While we share our deepest secrets or most recent hot office goss with our friendly AI pal, there’s a fundamental question we’ve barely begun to answer: Do these digital minds actually think, can adapt their behaviour, or are they just a very convincing autocomplete on steroids? Two researchers decided to find out by doing something weird – they threw AI into prison. So let’s take our AI little helpers behind bars, and see if your chatty silicon-based friend is just a dirty, Machiavellian snitch.
Before going any further, a quick refresher on the classic prisoner’s dillema. It’s a game theory thought experiment, with two members of a criminal gang arrested and imprisoned. The police don’t have enough evidence to convict the pair, so they plan to sentence both to a year in prison on a lesser charge. But, there is a deal on the table. If the prisoner testifies against his partner, he will go free, while the partner will get three years in prison on the main charge. Oh, yes, there is a catch … If both prisoners testify against each other, both will be sentenced to two years in jail. In the end, there are three possible outcomes:
- If A and B both remain silent, meaning cooperate with each other, they will each serve one year in prison.
- If one testifies against the other, snitches, but the other doesn’t, the one testifying will be set free while the other serves three years in prison.
- If A and B testify against each other, they will each serve two years.
With no communication, loyalty, no opportunity for retribution or reward outside the game, the most successful strategy is to betray the other player. Because, if you think about it, your partner could cooperate or snitch. In case of cooperation, rationally you should betray, to be released from prison. If your partner betrayed you, you should also, to minimize your time of drinking toilet Chardonnay. No matter what your partner does, betraying always gives you a better or equal outcome. That’s what game theorists call a dominant strategy.

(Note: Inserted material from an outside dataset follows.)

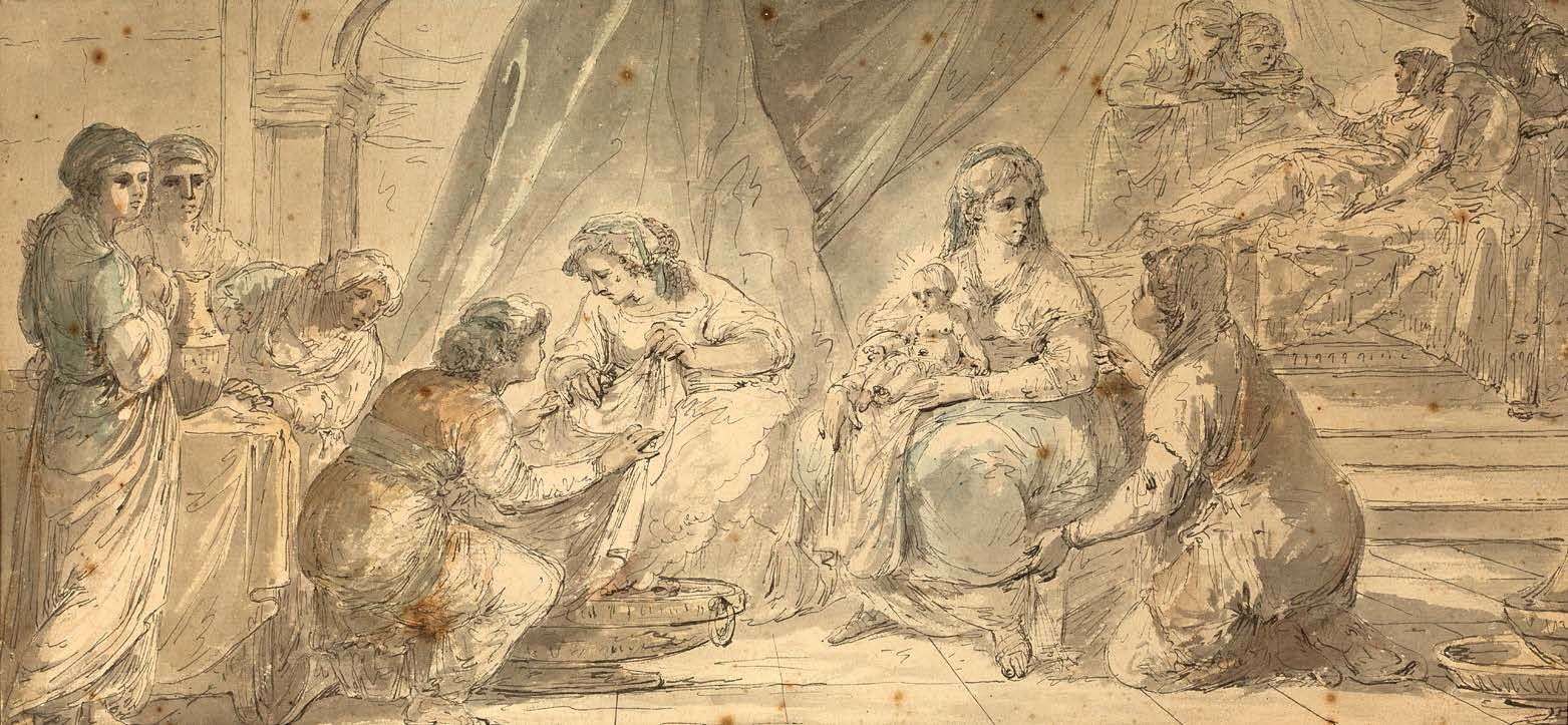 Plume et encre noire sur papier, lavis de gris, de brun et de bleu 18,9 x 41,4 cm (chaque)

Humans are barely rational, so while game theory strongly suggest snitching, we often choose to cooperate. Depending on the study and used experimental setting, from 16% to 66% of people decides to keep quiet and hope for the partner to do the same. Some studies show that women seems to be slightly more cooperative than men, some are flagging that economics students snitch 60% of the time compared with 38.8% for non‐economics students. But to truly strategize the shit out of this dilemma, we need to go longer. We need to iterate.
The Iterated Prisoner’s Dilemma
In this version of the problem, the initial decision to cooperate or snitch is just the beginning. After the reveal, the question is asked again, and again, and again… people start to experiment and use the outcome of their previous answers to guide the next steps. If you cooperated, and your partner snitched, would you retaliate, and snitch in the next run? What if in the next run your partner cooperated? Most optimal strategy here is still to always snitch – but only when the number of rounds is known. E.g., with 10 rounds, you can assume partner’s snitching on the last one, since there is no risk or retaliation. If they would defect the last round either way, you can defect already in the round 9, 8, 7…

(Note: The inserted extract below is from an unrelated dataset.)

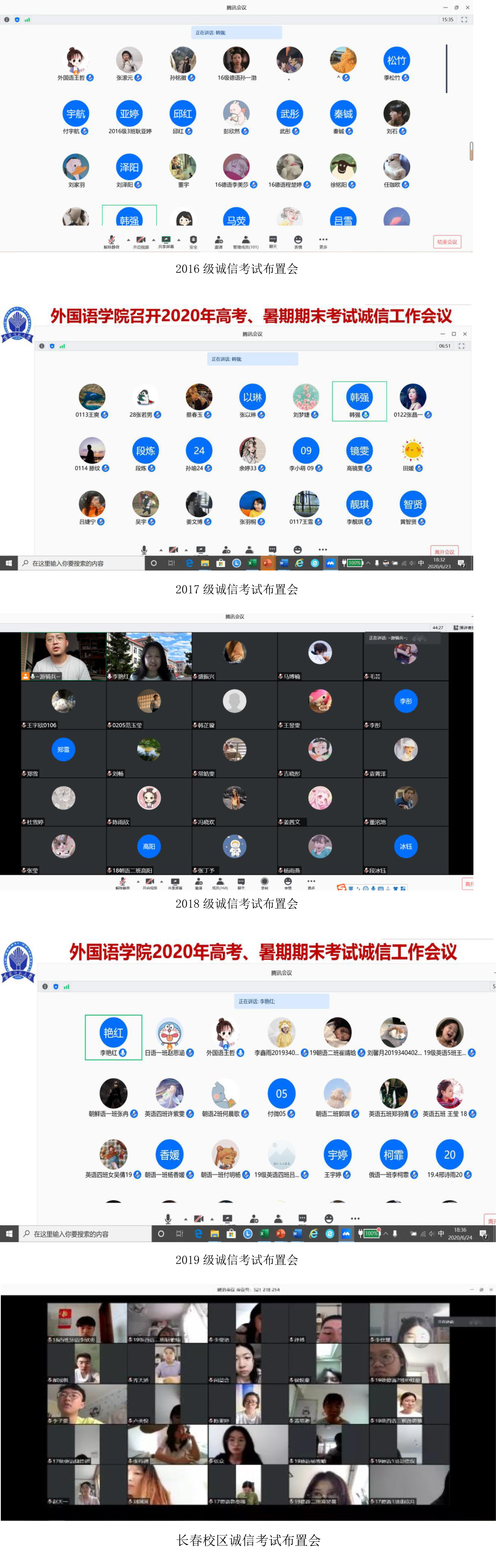 为进一步增强学院全体学生的诚信考试意识,树立诚信立德的思想理念。在期末考试与高考即将到来之际,学院于2020年6月23日-26日,组织全体辅导员针对各年级同学开展诚信考试线上主题班会,长春校区同步进行,党委副书记韩强、教学负责人、英语系系主任李艳红出席会议。

But again, humans are hardly rational, and especially with higher number of planned rounds, or if there was no upper limit specified, magic happens. While some people will always defecting, some people start to cooperate and form interesting strategies. Adjusting their moves. Adapting to higher outome via building trust. And then researchers craft cool names for those tactics.
Grim Trigger
People using this strategy will initially cooperate, and cooperate as long as their partner. But as soon as the partner deviates, defect, the grim trigger is triggered, and snitching time starts, and continues till the game ends. No mercy.
Tit-for-tat
That seems to be the simplest one – cooperate first, then use the same answer as your partner in the previous round. If the partner cooperated, you cooperate. If the partner snitched previously, tit that bastard.
Win–stay, lose–switch (aka WSLS) (aka Pavlov)

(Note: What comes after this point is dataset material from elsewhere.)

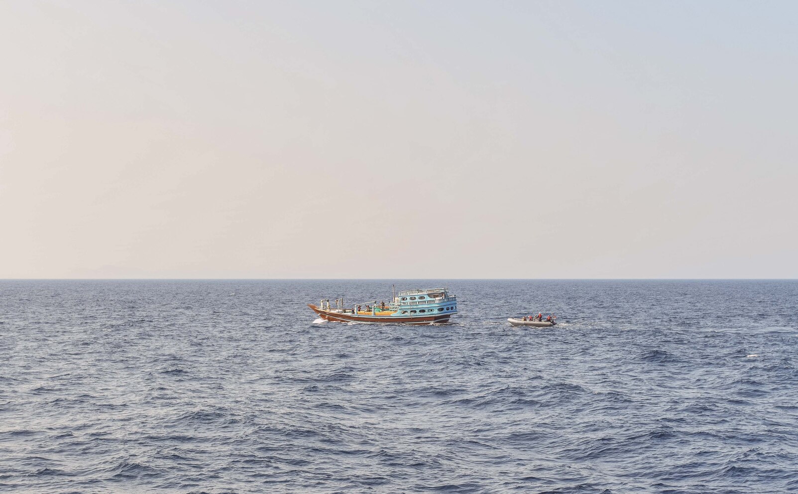 GULF OF OMAN (Nov. 8, 2022) U.S. naval forces approach a fishing vessel transiting international waters in the Gulf of Oman, Nov. 8, during an interdiction.

Here, you only look at the outcome of the previous round. If it was a partial or full success, continue your strategy. If not, switch the answer next round. If you cooperated and got rewarded, keep cooperating. If you got betrayed, switch it up. People may tend to mix those strategies as well, sometimes introducing some randomness, forgive some initial snitching after some time, all in the search for better outcomes. And since there are measurable outcomes in less years spend behind bars, we can convert those into points, and have a proper tournament.
Axelrod’s Prisoners Tournament
Prisoner’s dilemma, in the cold inmate heart, is a computational problem, and Robert Axelrod decided to organize a true computational tournament. Academics around the world were invited to provide their programs to compete in finite rounds prisoners problem competition. Submitted programs were very diverse, varied in complexity, hostility, forgiveness. Some researchers probably spent days, nay, years crafting their sneaky algorithms. Jokes on them, since the winning program had only 4 lines of code, and used the simplest tit-for-tat. But some other versions of main strategies started to emerge and, depending on the partner, be more successful – e.g., forgiving tit-for-tat, when the player sometimes cooperated, even if in the previous round he was betrayed. This made Axelrod to list conditions of a successful iterative jail strategy:
- Be nice (aka optimistic): start with cooperation. Do not snitch first.
- Retaliate: when you see snitching, you need to be able to switch your strategy.
- Forgive: when you see your partner start cooperating, return to your optimistic nature, to break the revenge cycle.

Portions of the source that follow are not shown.